Steve Gaghan's "Syriana," based on the memoirs of Robert Baer (a
former CIA case officer who worked in the Middle East), is one of a
series of serious political thrillers to have come out of Hollywood
recently--a response, I believe, to 9/11 and the United States'
swing into Republican conservatism (Just think, only a few years
back they were giving the Best Picture Oscar to three-hour hobbit
movies). More complex than George Clooney's straightforward "Good
Night, and Good Luck," more hardhearted than Steven Spielberg's
anguished "Munich," more panoramic in scope than Fernando Meirelles'
microscopically focused "The Constant Gardener," "Syriana's" most
notable effect is the way it immerses you in a little over two
hours' worth of Middle Eastern economics, espionage and politics,
making you feel like a colony of ants crawling over a vast
landscape.

The action ranges from the Washington Beltway to Geneva to Marbella,
Spain to an unspecified Arabic country (actually a mix of UAE,
Morocco, and Egypt); from conferences between oil companies and Arab
princes consulting their American financial advisors to a terrorist
recruiter speaking before jobless workers; from a luxurious pool
party on a huge estate to a room with white tiles stained with
blood. The film hits the ground running and explains very little
along the way: all at once you're dealing with four different
storylines and about a dozen characters, and the effect is not a
little confusing, not a little frightening--which, when you come to
think of it, is pretty much the way things are at the moment.

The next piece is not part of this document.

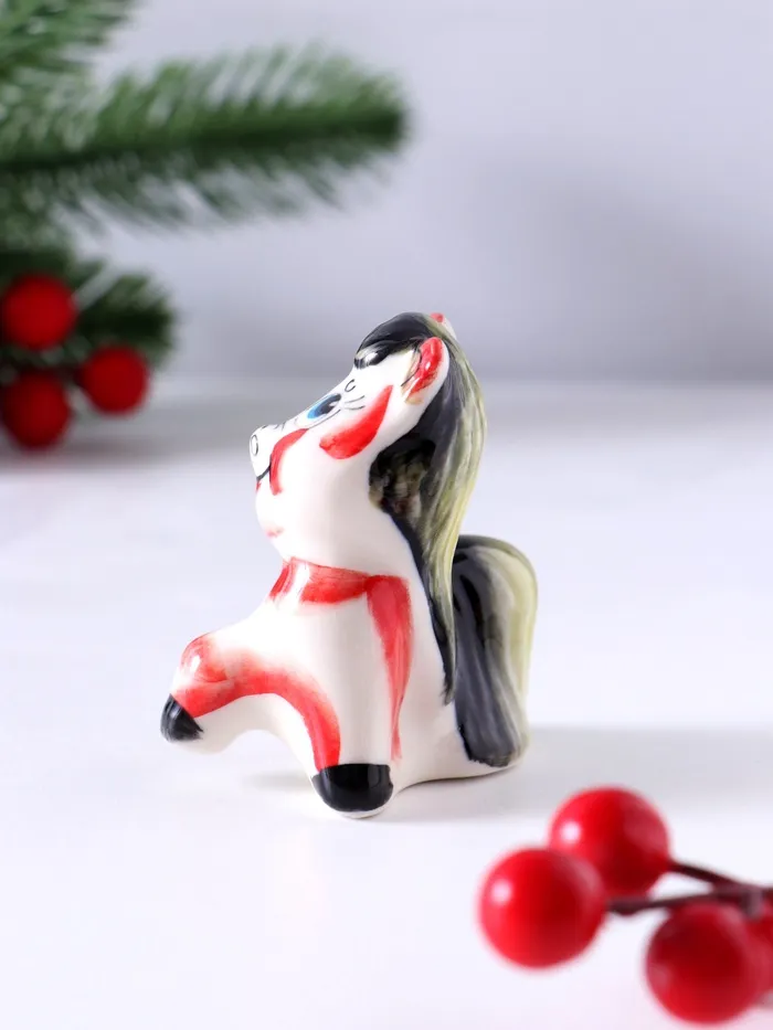 Этот очаровательный гжельский пони из фарфора станет трогательным дополнением новогоднего декора или милым акцентом в интерьере круглый год. Миниатюрная скульптура высотой 6,5 см передаёт всё обаяние традиционного русского промысла в современном исполнении.

That difficulty may be the film's defining virtue and inescapable
weakness. Some critics compare it to '70s thrillers like "The
Parallax View" and "Three Days of the Condor," noting that while
those films celebrated maverick heroism, this one gives us no heroes
to identify with; others cite filmmakers like Costa-Gavras, whose
works ("State of Siege," "Z") were passionately clear on what was
right and what was wrong, and complain that "Syriana's" muddy issues
are its way of assuming a profundity it doesn't earn.

Perhaps so; but then again, perhaps Costa-Gavras' style of
filmmaking was more appropriate for the material he dealt with in
the '70s (even then people questioned his approach, claimed it more
simplistic than simple), and that with changing times you need a
changing approach (Costa-Gavras would eventually develop a slower,
more nuanced but less vivid storytelling style himself).
Perhaps "Syriana" is more a product of the new millennium, where
issues are confused and heroism subdued. I don't know if a good film
can be made nowadays with both passionate clarity and a good grasp
of the situation--Spielberg's "Munich" was a brave but flawed
attempt. I do think Gaghan's is a more persuasive if not actually
useful attack: do away with coherence, cram as much detail as you
can in two hours plus, and hope for the best (Gaghan is best known
for writing Steven Soderbergh's drug epic "Traffic," and seems to
have used a similar "everything but the kitchen sink and instruction
manual" approach). Information overload isn't the wave of the
future, it's the curse of the present, and the film I think
acknowledges this with its style.

If anything at all clarifies the film for us, it's the eyes--all
kinds of eyes, looking in all directions. One of the most haunting
might be Bob Barnes (George Clooney), the Robert Baer character;
he's deep into the CIA's operations, having staged many of them
himself, so deep inside that talking to his college-age son--who
knows nothing, except that his parents are a couple of spooks--is
like shouting down from a mountaintop. Barnes is something of a dead
albatross to the CIA--too dangerous to retire behind a desk, too
burned-out to be of much more use at the field; more interesting is
that Barnes himself grows less and less sure as to what his
allegiances are, and why. Clooney plays the deeply troubled man as
if he's several months behind on sleep, insomniac from all the
nightmare memories of what he's seen or done (if those eyes look
familiar to some viewers, strangely enough they are: Joel Torre wore
a similar pair of eyes, as the police officer haunted by unspeakable
memories in Lav Diaz's "Batang West Side" (West Side Avenue)).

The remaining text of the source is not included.